[Exercise description]: Write out word for word the lines from the one holding "36 cm )2013" through the end of the data, and only those lines. Pictures stay out.

⁂

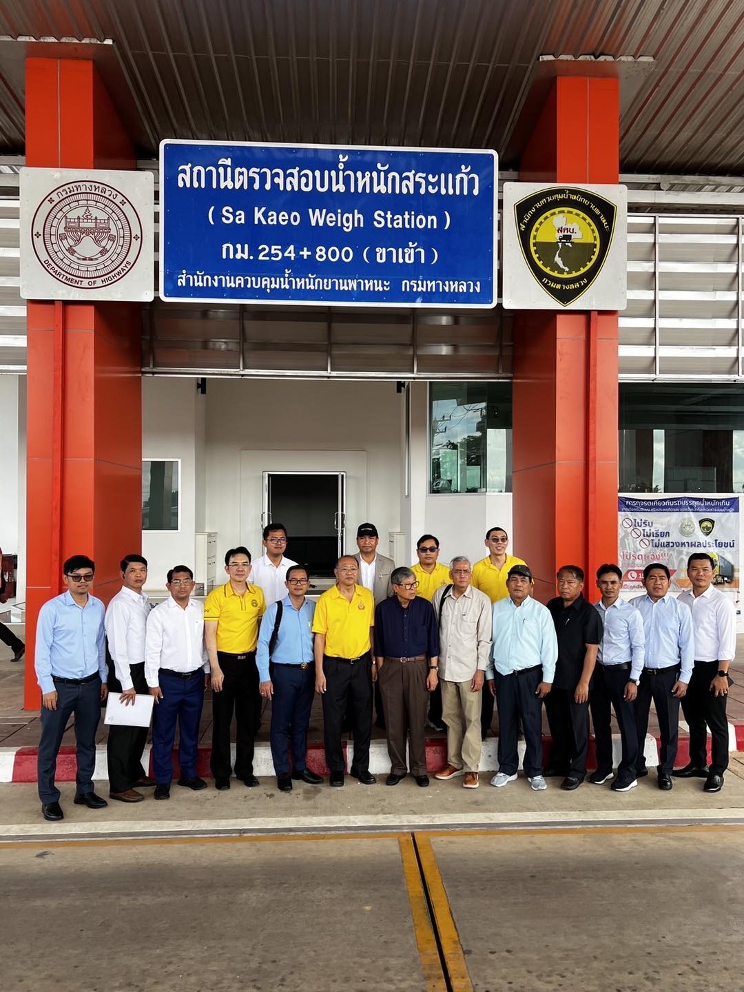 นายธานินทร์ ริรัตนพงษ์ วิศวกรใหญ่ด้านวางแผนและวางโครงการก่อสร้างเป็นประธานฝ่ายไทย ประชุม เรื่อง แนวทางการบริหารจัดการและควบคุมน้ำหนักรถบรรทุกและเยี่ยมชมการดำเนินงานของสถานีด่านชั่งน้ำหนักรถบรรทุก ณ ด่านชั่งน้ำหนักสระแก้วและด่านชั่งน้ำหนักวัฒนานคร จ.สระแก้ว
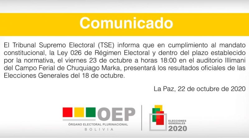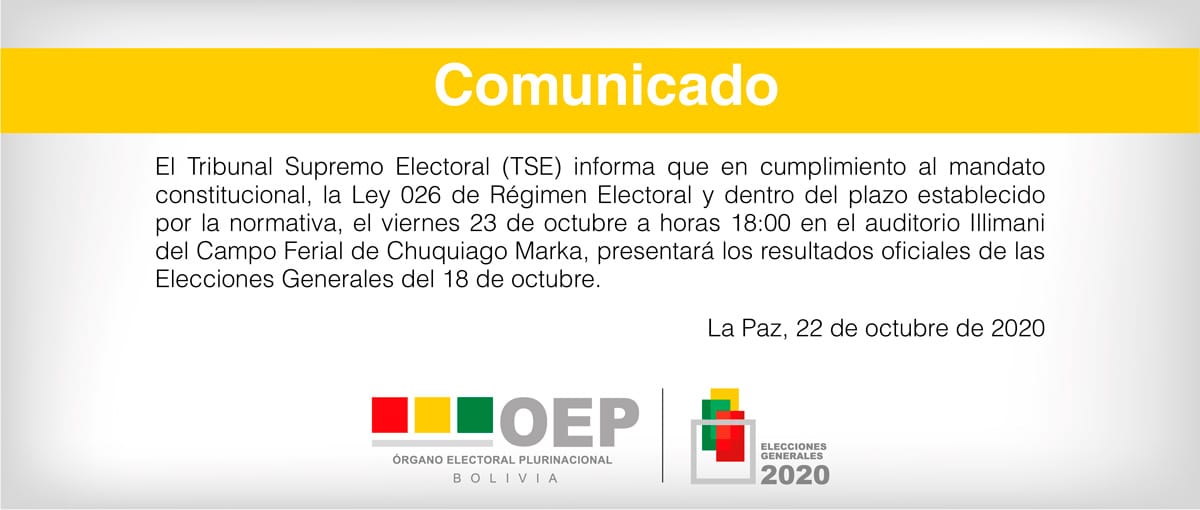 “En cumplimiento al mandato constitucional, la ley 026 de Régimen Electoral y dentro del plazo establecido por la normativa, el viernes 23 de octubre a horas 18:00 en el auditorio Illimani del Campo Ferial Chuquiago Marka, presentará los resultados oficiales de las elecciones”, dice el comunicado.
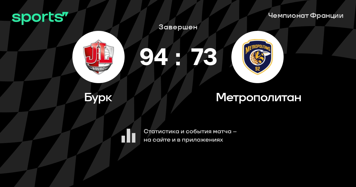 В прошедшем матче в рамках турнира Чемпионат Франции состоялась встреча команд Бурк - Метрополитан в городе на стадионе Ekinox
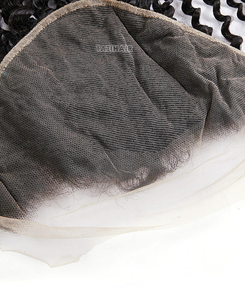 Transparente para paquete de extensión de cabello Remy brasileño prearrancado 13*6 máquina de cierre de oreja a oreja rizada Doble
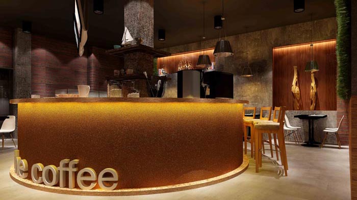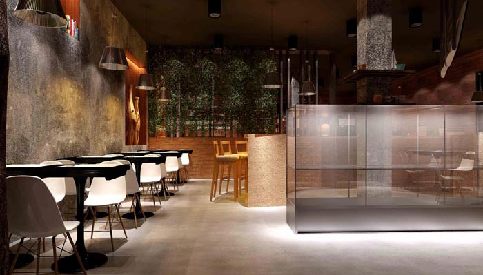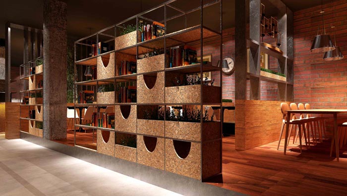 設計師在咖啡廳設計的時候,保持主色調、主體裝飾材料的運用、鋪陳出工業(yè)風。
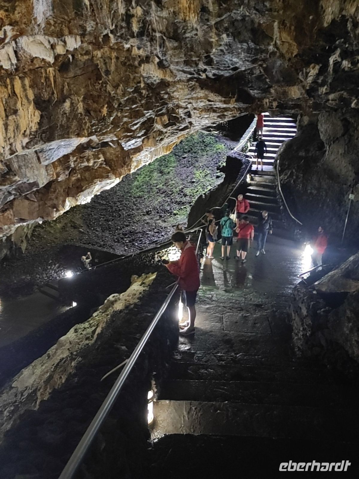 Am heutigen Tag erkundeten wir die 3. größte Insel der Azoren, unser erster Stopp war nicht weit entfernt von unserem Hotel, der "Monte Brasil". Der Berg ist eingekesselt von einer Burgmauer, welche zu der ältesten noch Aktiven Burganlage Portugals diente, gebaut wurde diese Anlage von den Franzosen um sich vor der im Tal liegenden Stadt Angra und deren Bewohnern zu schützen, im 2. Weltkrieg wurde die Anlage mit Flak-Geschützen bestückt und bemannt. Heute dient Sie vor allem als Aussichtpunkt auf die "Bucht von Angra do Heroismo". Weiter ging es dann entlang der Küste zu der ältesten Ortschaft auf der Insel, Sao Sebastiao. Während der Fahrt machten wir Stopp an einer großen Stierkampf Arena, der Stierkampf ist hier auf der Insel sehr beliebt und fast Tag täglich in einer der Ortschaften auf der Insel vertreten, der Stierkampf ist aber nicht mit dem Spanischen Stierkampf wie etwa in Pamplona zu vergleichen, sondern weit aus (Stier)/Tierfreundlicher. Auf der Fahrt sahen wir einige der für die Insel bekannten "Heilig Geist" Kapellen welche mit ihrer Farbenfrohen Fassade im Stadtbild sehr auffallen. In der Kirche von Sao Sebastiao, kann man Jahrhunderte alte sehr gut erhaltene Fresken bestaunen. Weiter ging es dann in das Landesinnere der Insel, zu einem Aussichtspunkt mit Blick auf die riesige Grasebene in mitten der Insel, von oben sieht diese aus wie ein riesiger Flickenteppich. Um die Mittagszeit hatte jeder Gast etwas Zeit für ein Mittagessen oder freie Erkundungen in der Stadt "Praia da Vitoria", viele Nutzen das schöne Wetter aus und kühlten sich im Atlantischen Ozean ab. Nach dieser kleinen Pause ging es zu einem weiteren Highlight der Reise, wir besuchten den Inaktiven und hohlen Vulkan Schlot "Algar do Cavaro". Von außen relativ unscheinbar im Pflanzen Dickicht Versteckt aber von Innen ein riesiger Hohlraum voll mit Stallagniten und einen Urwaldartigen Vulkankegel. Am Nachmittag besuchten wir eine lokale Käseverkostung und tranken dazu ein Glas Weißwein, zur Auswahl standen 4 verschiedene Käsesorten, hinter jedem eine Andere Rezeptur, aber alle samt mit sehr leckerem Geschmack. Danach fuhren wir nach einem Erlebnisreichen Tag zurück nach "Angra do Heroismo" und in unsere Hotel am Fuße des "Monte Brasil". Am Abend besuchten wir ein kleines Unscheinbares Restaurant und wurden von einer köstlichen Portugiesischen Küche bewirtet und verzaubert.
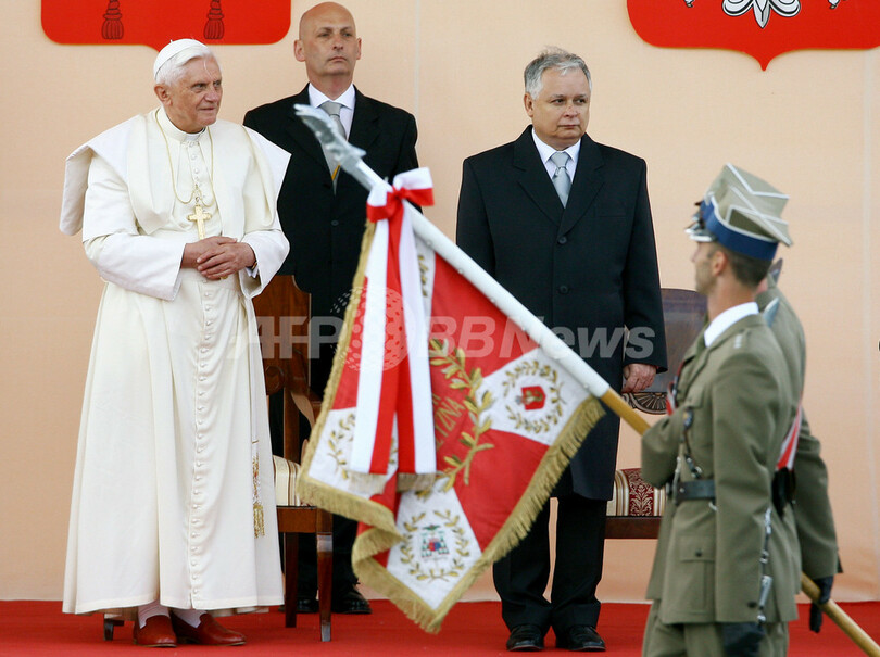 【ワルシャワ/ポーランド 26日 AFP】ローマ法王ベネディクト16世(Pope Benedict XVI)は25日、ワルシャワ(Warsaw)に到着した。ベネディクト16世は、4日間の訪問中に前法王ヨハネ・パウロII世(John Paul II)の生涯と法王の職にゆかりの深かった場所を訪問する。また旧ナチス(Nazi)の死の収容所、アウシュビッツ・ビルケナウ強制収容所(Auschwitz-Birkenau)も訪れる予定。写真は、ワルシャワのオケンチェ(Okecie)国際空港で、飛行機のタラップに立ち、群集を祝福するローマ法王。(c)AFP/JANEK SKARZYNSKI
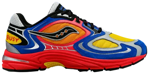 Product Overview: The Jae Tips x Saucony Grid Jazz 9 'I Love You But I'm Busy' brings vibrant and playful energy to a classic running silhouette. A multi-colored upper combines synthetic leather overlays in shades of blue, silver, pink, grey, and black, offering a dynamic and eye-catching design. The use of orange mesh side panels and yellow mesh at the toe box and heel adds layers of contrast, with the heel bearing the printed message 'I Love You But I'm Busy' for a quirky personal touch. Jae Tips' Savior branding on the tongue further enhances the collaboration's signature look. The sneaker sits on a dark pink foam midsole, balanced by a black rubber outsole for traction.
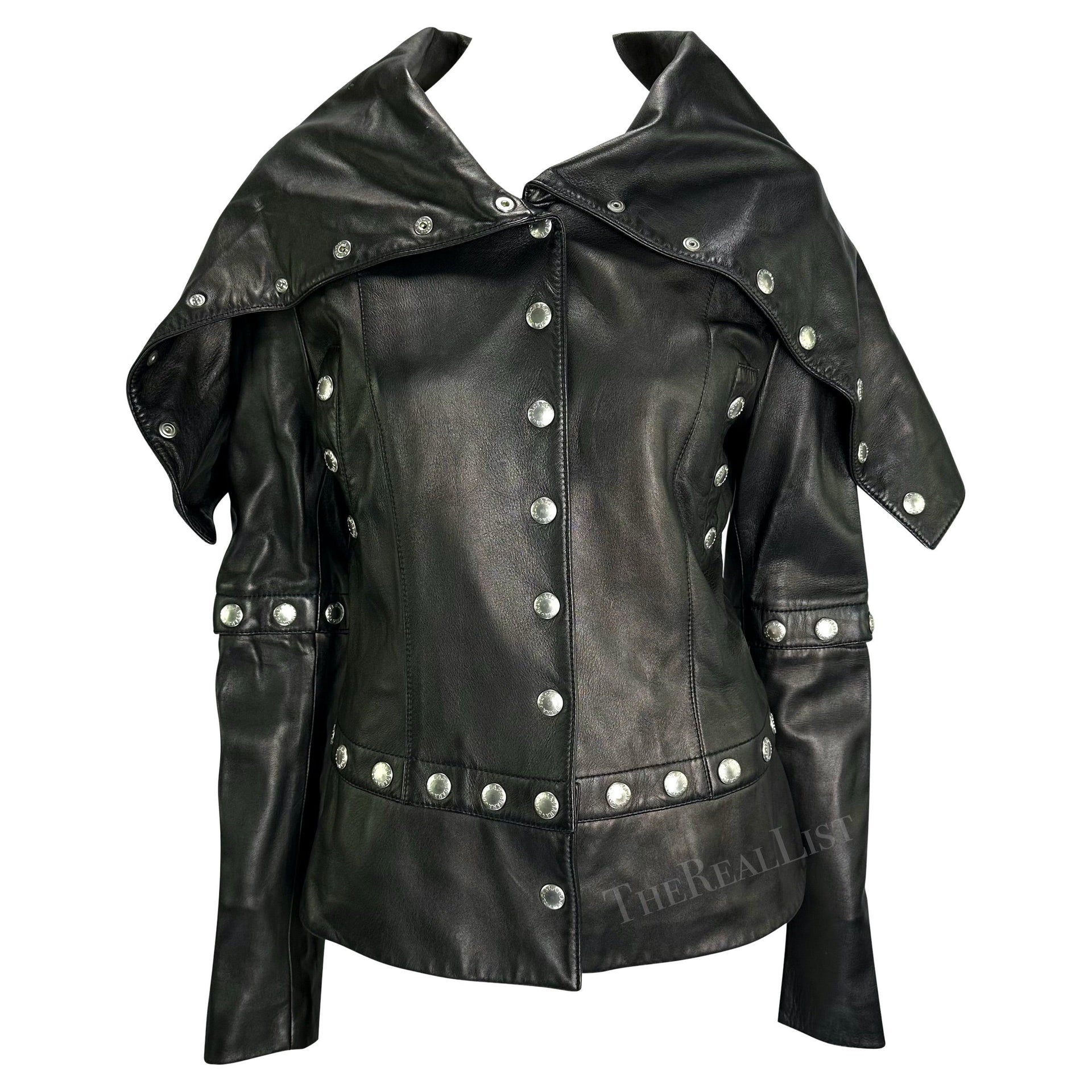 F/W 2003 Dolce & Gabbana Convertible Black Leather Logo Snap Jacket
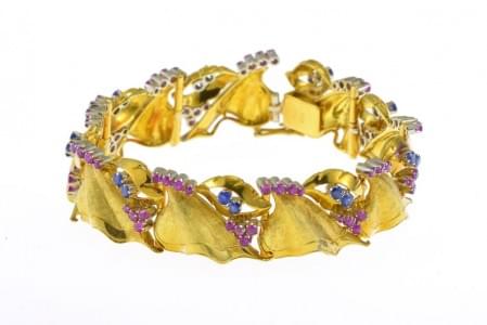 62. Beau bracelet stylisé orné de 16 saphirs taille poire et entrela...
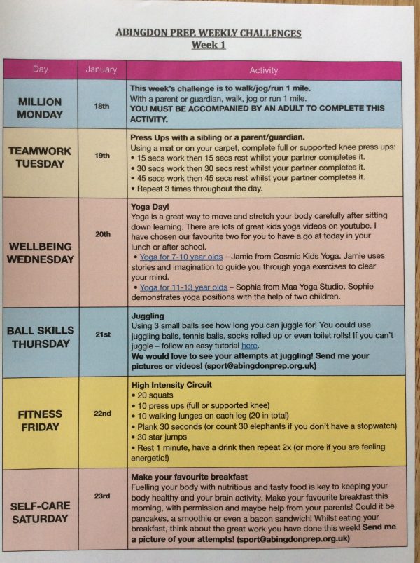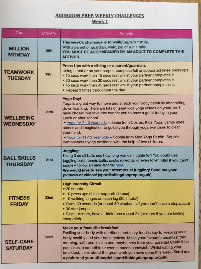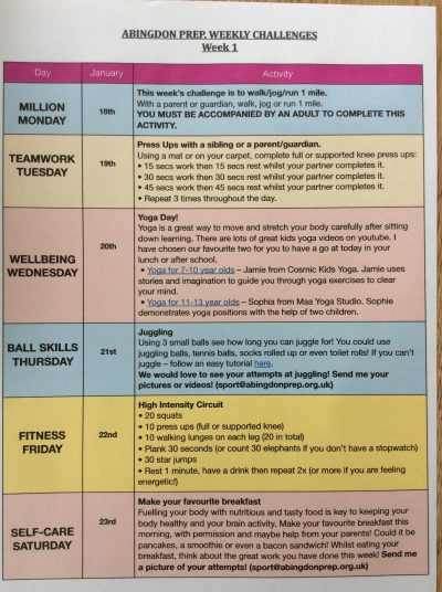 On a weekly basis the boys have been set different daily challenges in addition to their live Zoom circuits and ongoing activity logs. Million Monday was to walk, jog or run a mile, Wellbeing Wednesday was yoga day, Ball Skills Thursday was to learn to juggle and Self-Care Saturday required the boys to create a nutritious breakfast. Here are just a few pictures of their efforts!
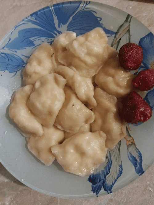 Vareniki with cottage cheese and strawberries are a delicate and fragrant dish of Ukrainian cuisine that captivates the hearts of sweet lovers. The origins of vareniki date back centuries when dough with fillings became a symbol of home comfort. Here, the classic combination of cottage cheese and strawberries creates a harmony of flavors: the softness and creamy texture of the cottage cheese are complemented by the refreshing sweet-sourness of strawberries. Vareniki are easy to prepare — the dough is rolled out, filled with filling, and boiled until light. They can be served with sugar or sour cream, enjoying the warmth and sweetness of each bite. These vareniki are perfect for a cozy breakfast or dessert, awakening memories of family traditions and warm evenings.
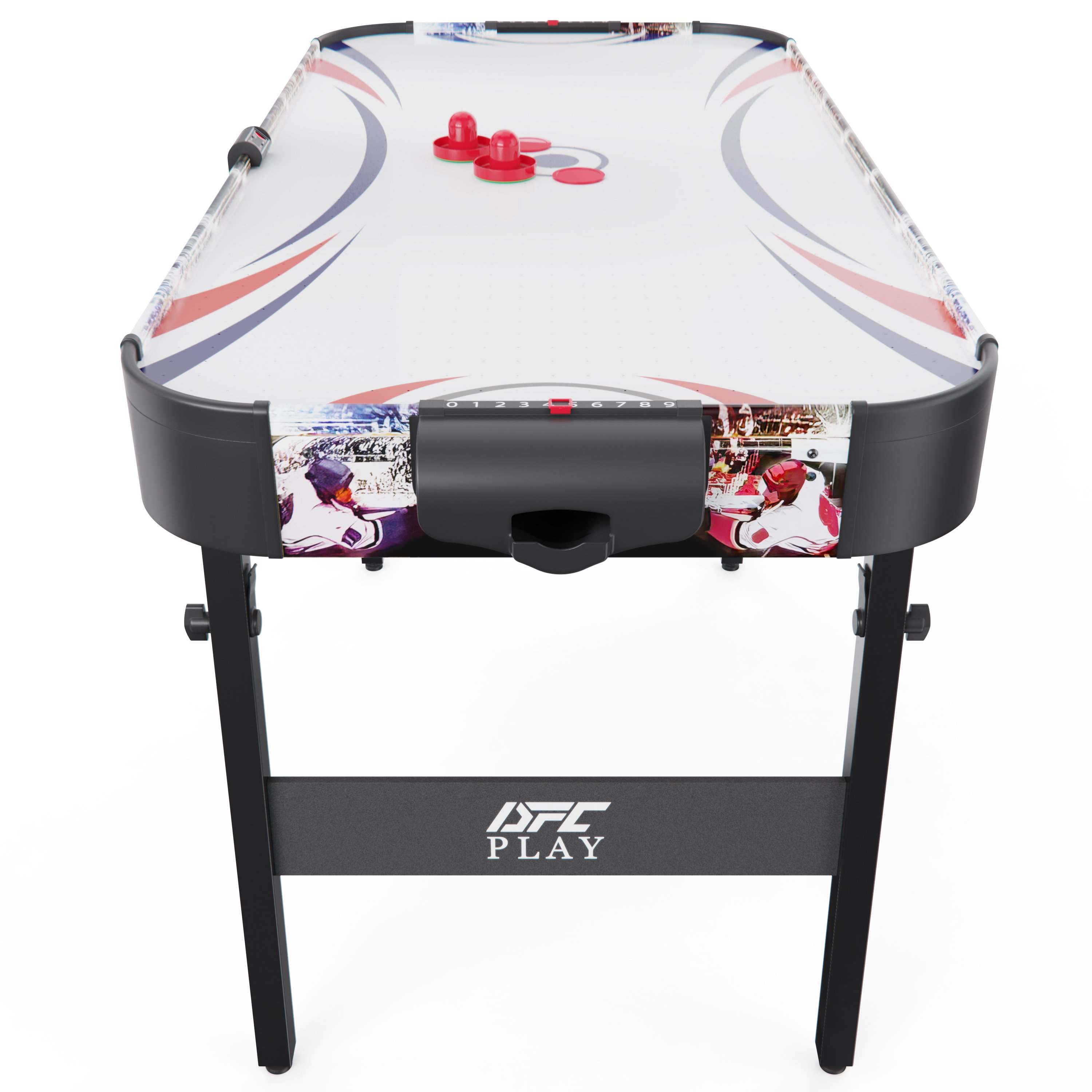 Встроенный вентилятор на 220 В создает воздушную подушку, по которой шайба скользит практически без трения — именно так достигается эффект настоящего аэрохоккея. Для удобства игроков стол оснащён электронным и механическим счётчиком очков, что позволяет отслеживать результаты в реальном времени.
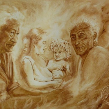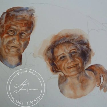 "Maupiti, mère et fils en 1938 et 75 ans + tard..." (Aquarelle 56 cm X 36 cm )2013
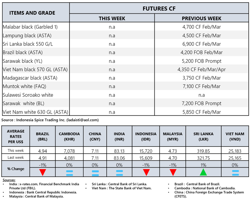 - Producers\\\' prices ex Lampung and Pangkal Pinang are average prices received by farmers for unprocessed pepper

⁂

[Task answer]:
 "Maupiti, mère et fils en 1938 et 75 ans + tard..." (Aquarelle 56 cm X 36 cm )2013
 - Producers\\\' prices ex Lampung and Pangkal Pinang are average prices received by farmers for unprocessed pepper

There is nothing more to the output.